13 April 2015 Discuss on the two algorithms of line-segments and dot-array for region judgement of the sub-satellite purview
Proceedings Volume 9522, Selected Papers from Conferences of the Photoelectronic Technology Committee of the Chinese Society of Astronautics 2014, Part II; 95222K (2015) https://doi.org/10.1117/12.2181964
Event: Selected Proceedings of the Photoelectronic Technology Committee Conferences held August-October 2014, 2014, China, China
Abstract
When satellite is flying on the orbit for special task like solar flare observation, it requires knowing if the sub-satellite purview was in the ocean area. The relative position between sub-satellite point and the coastline is varying, so the observation condition need be judged in real time according to the current orbital elements. The problem is to solve the status of the relative position between the rectangle purview and the multi connected regions formed by the base data of coastline. Usually the Cohen-Sutherland algorithm is adopted to get the status. It divides the earth map to 9 sections by the four lines extended the rectangle sides. Then the coordinate of boundary points of the connected regions in which section should be confirmed.
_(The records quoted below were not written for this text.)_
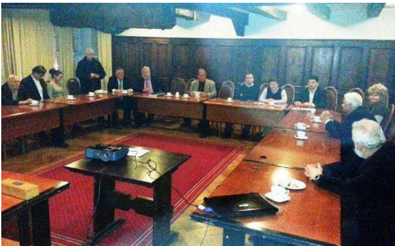
Schůzka RC Wroclaw dne 26. 11. 2012, na níž jsme byli hosty

Před 19. hodinou jsme se pak přesunuli do zasedací místnosti v podkroví hotelu, kde se každé pondělí scházejí členové PC Wroclaw a byli jsme hosty jejich pravidelné schůzky. Přítomnými členy klubu jsme byli srdečně přivítáni a po přednášce o slučování wroclawských vysokých škol, jsme představili náš klub a jeho projekty. Současně jsme členům klubu přednesli nabídku spolupráce našich klubů. Nabídka byla přítomnými wroclawskými rotariány přivítána a po výměně vlaječek a upomínkových předmětů se rozproutila neformální diskuse. Týkala se zejména klubových projektů, spolupráce na poli výměny mládeže a možností setkávání členů obou klubů. Odjížděli jsme až po 22. hodině s velmi dobrými dojmy a pocity z milého přijetí polskými přáteli. Navíc jsme si také odváželi příslib, že náš klub dne 5. prosince navštíví zástupci wroclawského klubu.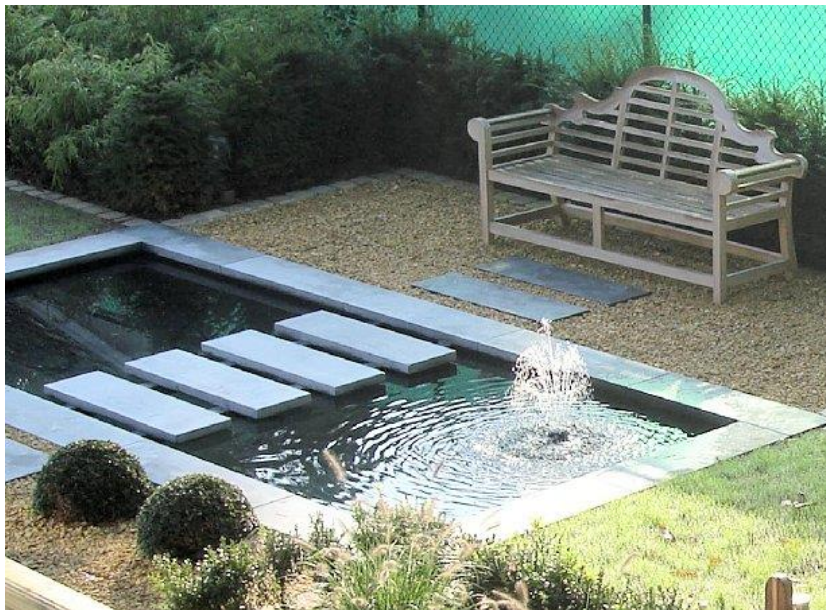
Figuur 5.5 Een voorbeeld van een vrij steriele tuin.

sprinkhanen, wespen, zweefvliegen, gaasvliegen, kevers - waaronder loopkevers, soldaatjes en lieveheersbeestjes -, langpootmuggen en sluipwespen. Diverse slakken zullen het oude blad opruimen en spinnen weven hun webben tussen de planten.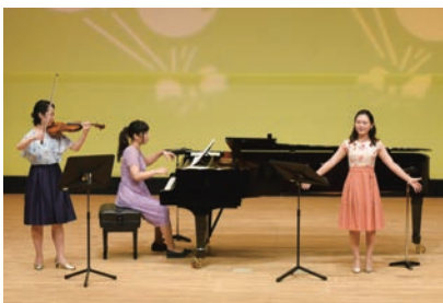
行徳文化ホールI&I ママも楽しい0歳からコンサート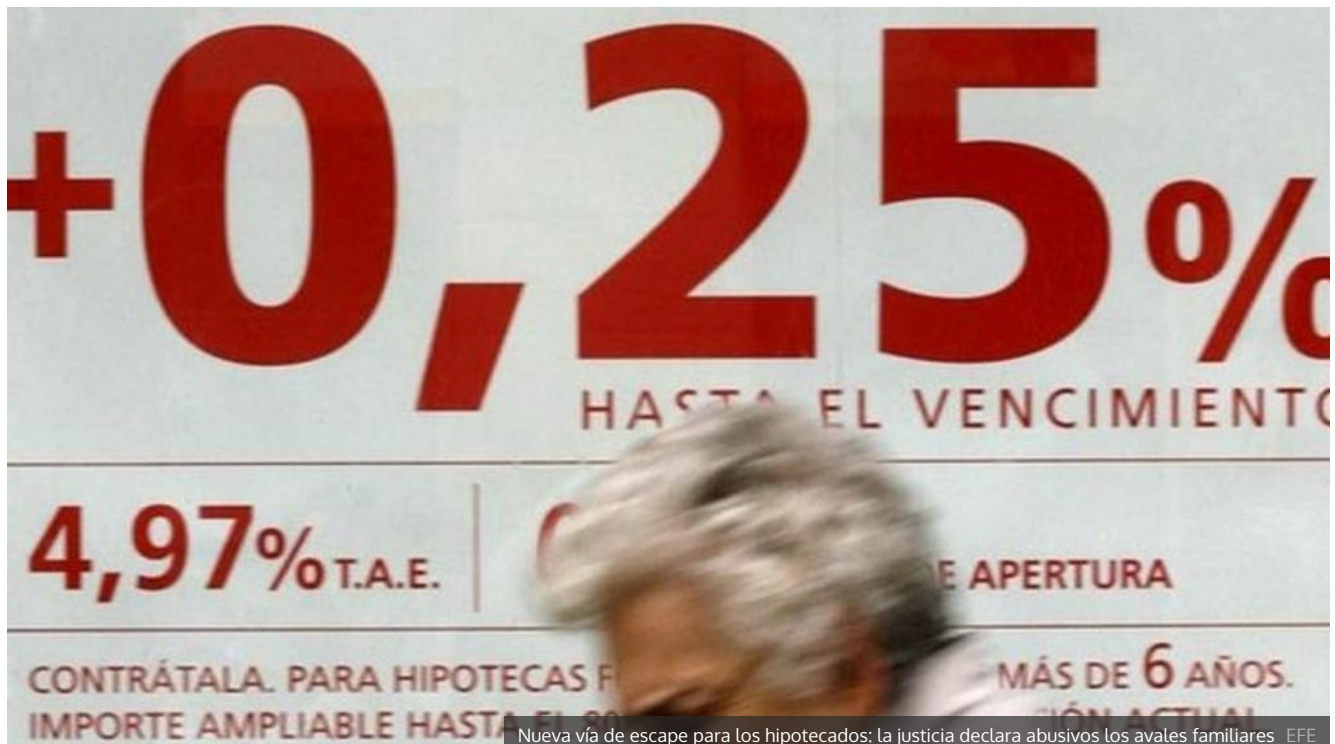
Nueva vía de escape para los hipotecados: la justicia declara abusivos los avales familiares EFE

Aunque el Gobierno decida por ley que es la banca la que debe pagar el tributo, el CGE cree que las entidades se lo repercutirán a sus clientes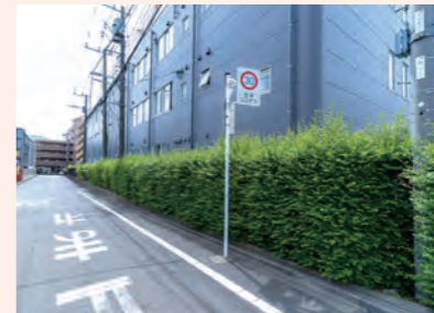
インフラ施設の建物周辺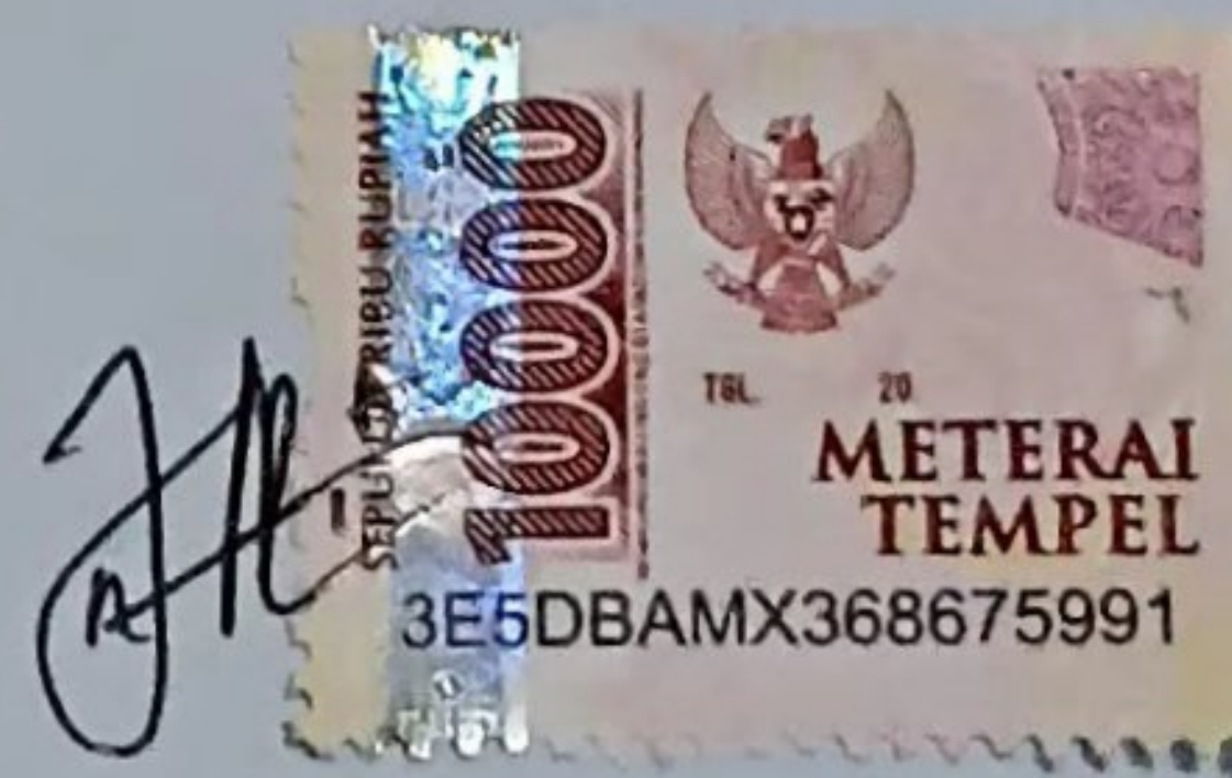
Amelia A'zahra Mahasiswa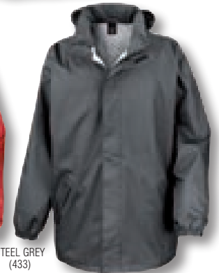
STEEL GREY (433)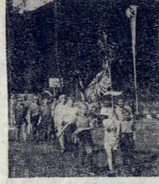
Na trasie Złota TK

NAJSZYBCEJ KRĘCA — W WALCOWNI GORĄCEJ Zawody kolarskie, które odbyły się na bieżni stadionu Hutnika przyniosły zespołowy sukces drużynie Walcowni Gorącej z wynikiem 8,94,0 min (jest to suma czasów uzyskanych przez pierwszego i czwartego zawodnika drużyny.) Drugie miejsce zajęł Wydział Mechaniczno-Konstrucyjny — 8,08,2 min, 3. Walcownia Zimna — 8,08,4 min, 4. Zakład Koksochemiczny — 8,13,6 min, 6. HPR — 8,17,0 min.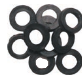
Garnituri pentru racord apa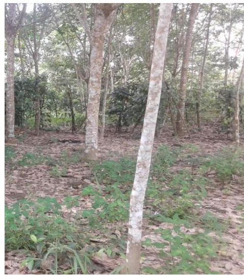
Lahan Sedikit Serasah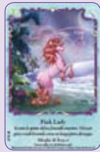
Pink Lady ○27/55 ◆S27/55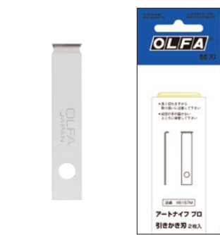
XB157M アートナイフプロ替刃 引きかき刃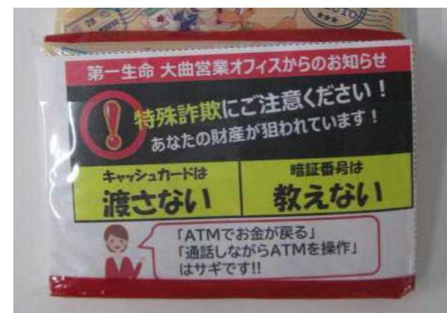
ポケットティッシュのラベル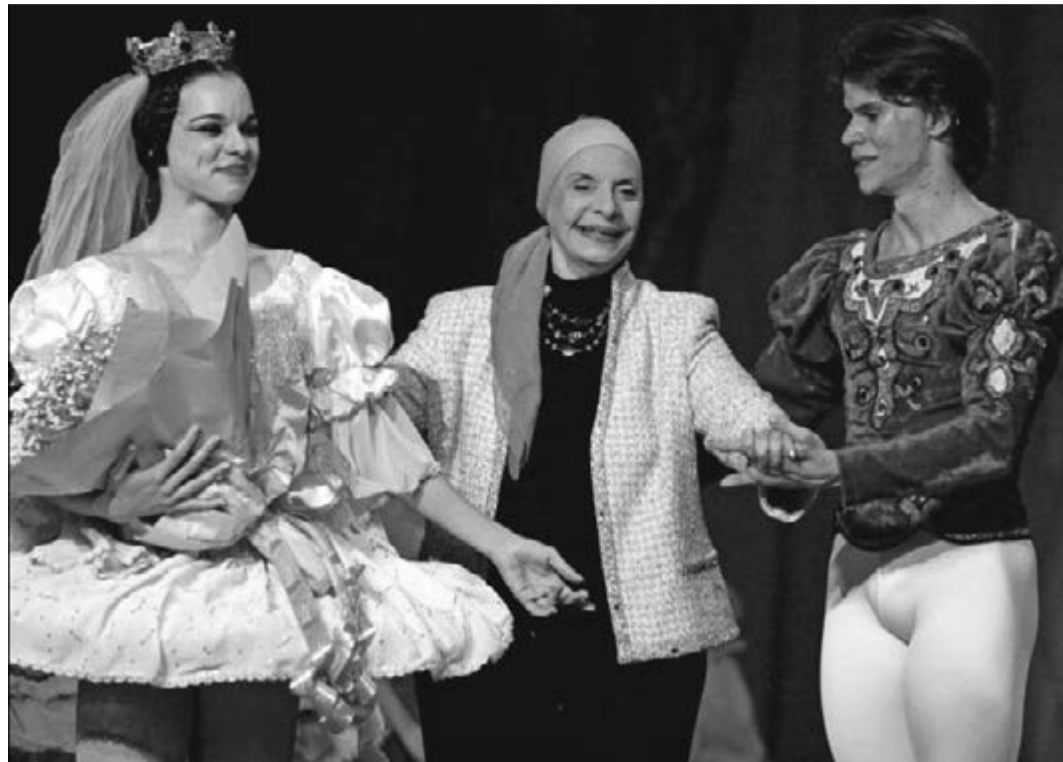
„Die einfachste Bewegung kann sich in einen Tanz verwandeln, wenn man ihr einen Sinn, ein Warum verleiht“, lehrte Alicia ihre Schüler in der Kubanischen Ballettschule

Körper und den muss er mit der Technik kultivieren, denn je besser er ihn beherrscht, um so reicher ist sein Vokabular, umso größer ist seine Fähigkeit, mit dem Publikum in Verbindung zu treten, aber das kann man nur mit Arbeit und Disziplin erreichen. Der Tänzer, der sie nicht beherrscht, ist stumm. Die Technik ist nichts Mechanisches. Du musst sie verinnerlichen, denn in dem Moment, in dem du auf der Bühne tanzst, darfst du nicht an sie denken, musst du sie vergessen, denn wenn du das nicht tust, verwandelst du dich in einen Sportler, aber nicht in einen Künstler.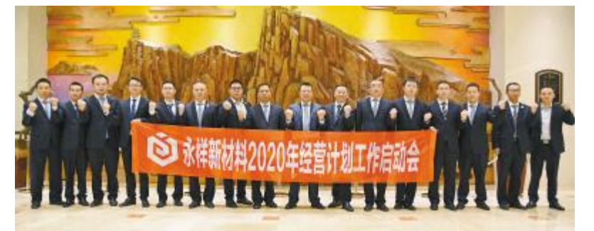
永祥新材料2020年经营计划工作启动会成功举行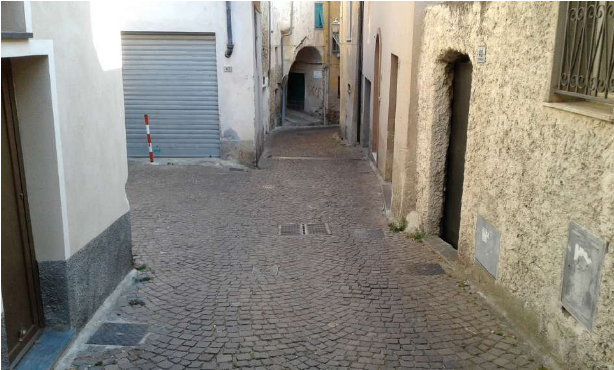
strada Via Vittorio Emanuele II – fraz. Moltedo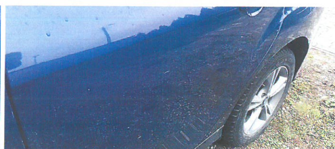
FORD Focus 18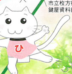
おとだちの「ひらにゃんこ」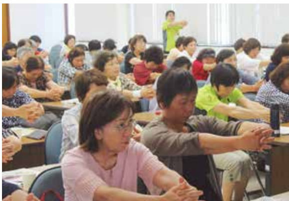
介護予防運動をする会員ら

また、DVDを見ながら、介護予防運動である「てんとうムシ体操・みつばち体操」を行い、楽しみながら運動しました。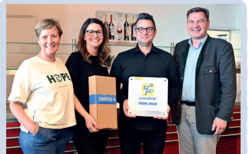
Das Theatercafé im Schulzentrum versorgt Schülerinnen und Schüler sowie Kindergartenkinder täglich mit frischen, regionalen Speisen. Dafür wurde die „Vitalküche Waidhofen/Ybbs“ von der Initiative „Tut gut“ mit der Silber-Plakette ausgezeichnet.

Die Vitalküche der Initiative „Tut gut“ sorgt für mehr Abwechslung in den Speiseplänen von Kindergärten, Schulen und anderen Gemeinschaftsverpflegungen. Ziel ist ein gesundes und schmackhaftes Angebot.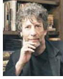
• ناهي ناييف، كورالين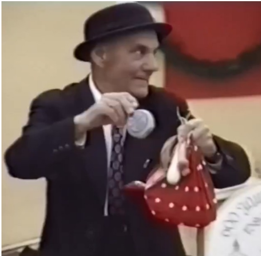
Der „Ottl“ auf der 600-Jahr-Feier des Marktes Tann im Jahr 1989 12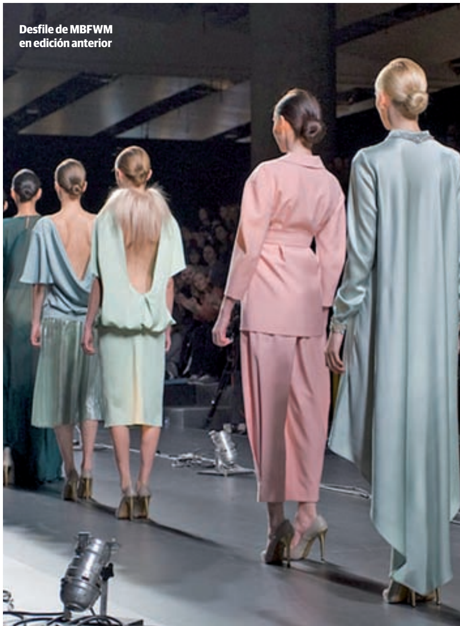
Desfile de MBFWM en edición anterior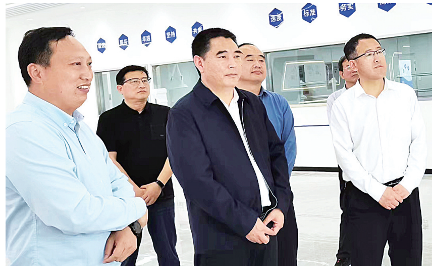
卧龙区委副书记、区长杜勇（中）到卧龙艾草产业园调研指导工作。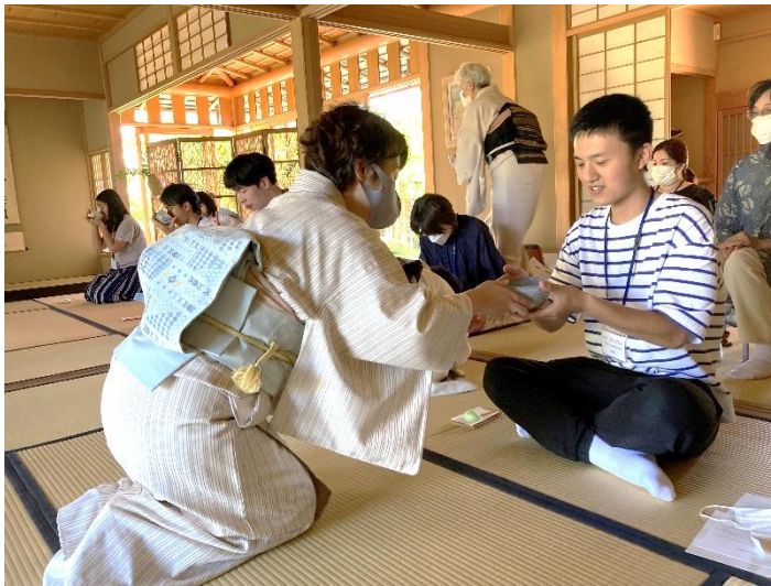
昨年の活動の様子から(茶道体験・震災津波伝承館見学)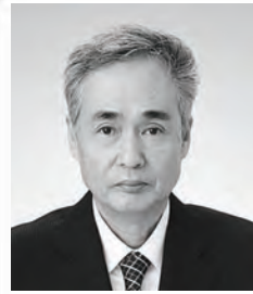
赤穂市教育長 尾上 慶昌

この度、教育長を拝命し、その職責の重さを感じるとともに、微力ではございますが、赤穂市の教育行政に誠心誠意取り組んでいく覚悟でございます。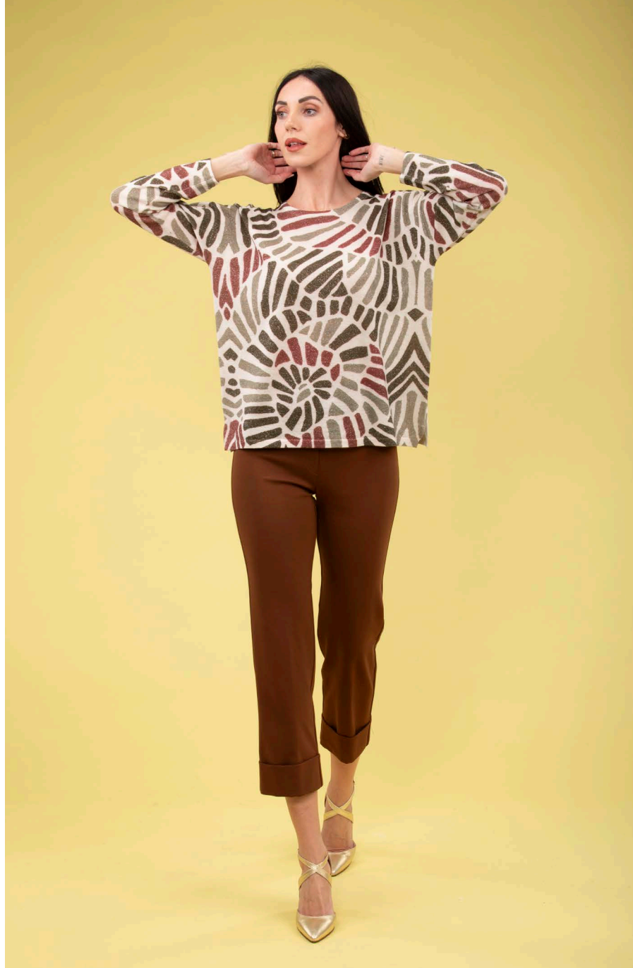
Maglia over lurex art. N241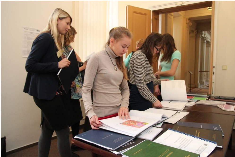
Zájemci prohlížejí soutěžní práce vystavené na Krajském úřadě Jihomoravského kraje.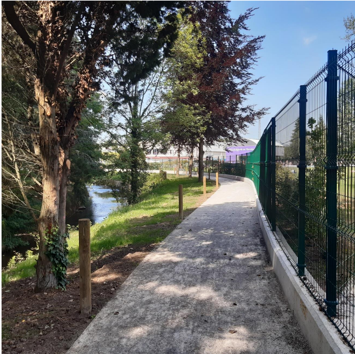
Vista de senda desde aguas abajo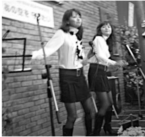
〈「ザ・リリース」ミニコンサート〉

とても活発な子です。最近、物入れの扉を開け閉めしたり、おもちゃなどを口に入れたりと好奇心おう盛です。ただ、お姉ちゃんのおもちゃをとって怒られたりしちゃいますけどね。元気で明るい子になってほしいです。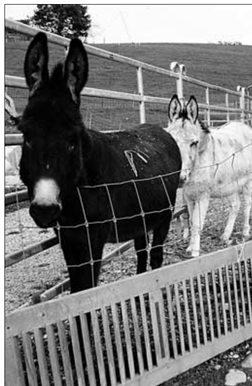
Die zutraulichen Tiere mögen menschliche Gesellschaft.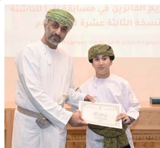
المسابقة تهدف إلى ترسيخ مبادئ وقيم المواطنة الصالحة

That method traverses all the boundary points for each judgement. In this paper, two algorithms are presented. The one is based on line-segments, another is based on dot-array. And the data preprocessing and judging procedure of the two methods are focused. The peculiarity of two methods is also analyzed. The method of line-segments treats the connected regions as a set of series line segments. In order to solve the problem, the terminals’ coordinates of the rectangle purview and the line segments at the same latitude are compared. The method of dot-array translates the whole map to a binary image, which can be equal to a dot array. The value set of the sequence pixels in the dot array is gained. The value of the pixels in the rectangle purview is judged to solve the problem. Those two algorithms consume lower soft resource, and reduce much more comparing times because both of them do not need traverse all the boundary points. The analysis indicates that the real-time performance and consumed resource of the two algorithms are similar for the simple coastline, but the method of dot-array is the choice when coastline is quite complicated.